Rejoice! The Kingdom Breaks in as Justice Is Done

We rejoice because the Lord’s reign already breaks in where sight is restored, bodies stand, and communities cross from indifference to conversion. Jesus points to these concrete signs that fulfill the promise of Isaiah. These are personal and social liberations - healing, cleansing, raising, evangelizing - that reveal the breaking in of God’s reign. Good news to the poor looks like access to healing, protection from exploitation, and pathways out of debt and hunger—signs that “God is here… to save you” (Is 35:4) and that in Jesus this saving nearness is already at work among the least (Mt 11:2–6, 11). 

(Tawid-Tanaw): The Spirit invites us to cross over from sympathy to structural charity and justice. Imagine our parishes as “Isaiah outposts”: providing legal aid, livelihood support, education scholarships, care for creation, and safe spaces for women and children. From time to time, we might try a simple “Justice Examen” as a community—looking at our budgets and ministries through the lens of the poor, and discerning whether a modest portion could be reoriented toward justice-focused initiatives.

Rejoice! Mercy Walks with Us.

We rejoice because God’s mercy is steadfast. The joy of waiting deepens not in haste but in humble companionship—precisely the path Micah commends: to “love mercy” and “walk humbly with your God” (Mi 6:8).

Mercy is not mere sentiment; it is faithful presence with families in crisis; it is accompaniment of the youth on the margins, the elderly, and those burdened by sin or shame. In this journeying together, the poor encounter Christ’s nearness through the nearness of his Church. Will we walk at the pace of the most vulnerable?

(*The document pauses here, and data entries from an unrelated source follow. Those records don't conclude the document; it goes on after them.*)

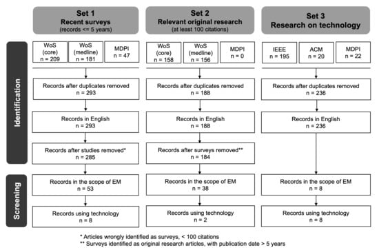 - Set 1. The most recent reviews and surveys on EM that consider/mention technology in their analyses or discussions. The articles in this set will be used to address Q1.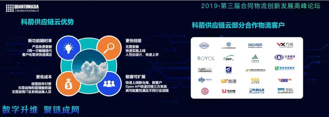 基于以上三個客戶案例,蘭鵬先生總結了科箭供應鏈云的優勢: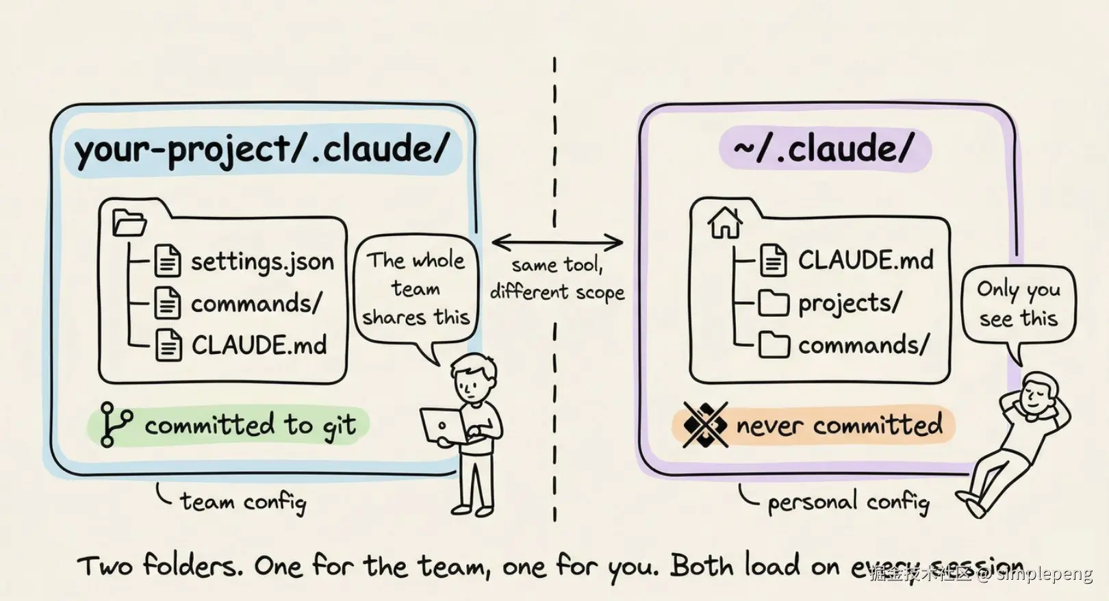 项目级别的文件夹包含团队配置。你将其提交到 git。团队中的每个人都会获得相同的规则、相同的自定义命令、相同的权限策略。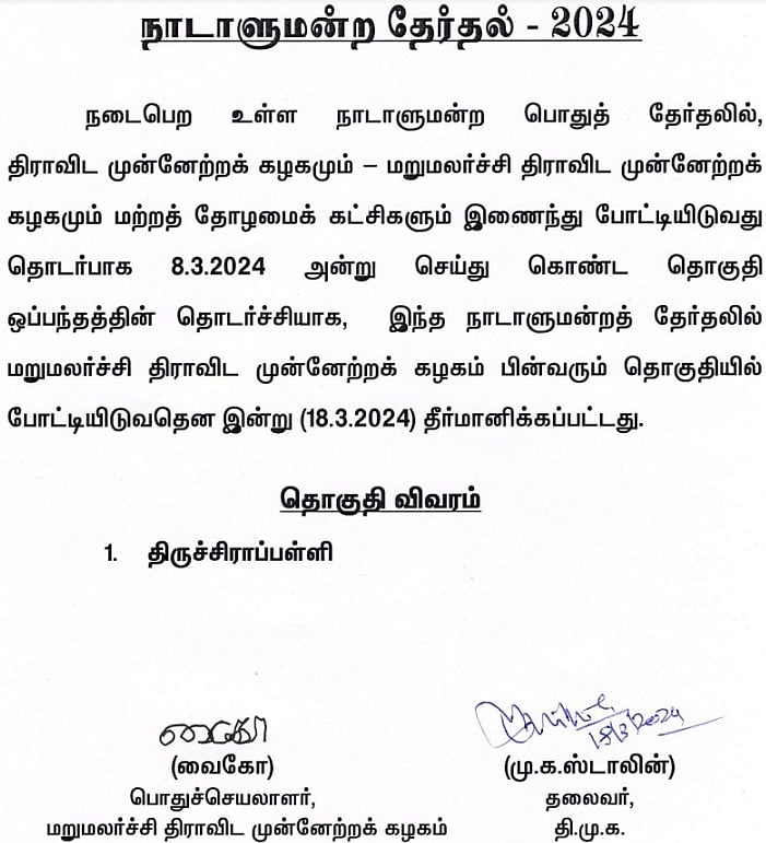 திமுக கூட்டணியில் மதிமுகவுக்கு திருச்சி மக்களவைத் தொகுதி ஒதுக்கீடு செய்யப்பட்டுள்ளது.

(Tapak-Tindig): We are invited to a pastoral stance that moves at the pace of the vulnerable. Some communities have found it life-giving to form “Mercy Circles” that accompany specific families or sectors over several months offering monthly visits, shared prayer, concrete support, and reflective listening. If this resonates with our parish rhythm, it could be a simple way for mercy to take one step, then another.

Conclusion: 

(Tipan): The covenant--Becoming a Synodal Church for the Poor. The call to rejoice is not naïveté; it is recognition. The Lord is near, and the poor are hearing the Good News where the Church listens, does justice, loves mercy, and walks humbly. 

Let us rejoice and become the sign we proclaim: deserts bloom, burdens lift, and hope finds a home among the poor. Perhaps this is what it means to be a synodal Church for the poor.

Visit to the Bajao Community

Sulong. Padayon.


Nov 29, 2025

Preparation (1st Sunday Advent A)

In November of 2013, the monster typhoon Yolanda devastated the portion of Central Philippines. In the face of the rising casualties of the strongest typhoon ever recorded in history and the apparent initial lack of efficiency in responding to the needs of the survivors, it was said that no amount of preparation could have forestalled the magnitude of the impact of the supertyphoon.  So that even if the supertyphoon was rightly predicted to be one of the strongest in history and warnings had been alarmed, when it actually landed, the people and the government just the same were ill-prepared for its monstrosity. In the aftermath, rescue and relief operations struggled to get through the wreckage causing great delay in responding to the emergency needs of cities and towns directly hit. This meant more deaths and more suffering.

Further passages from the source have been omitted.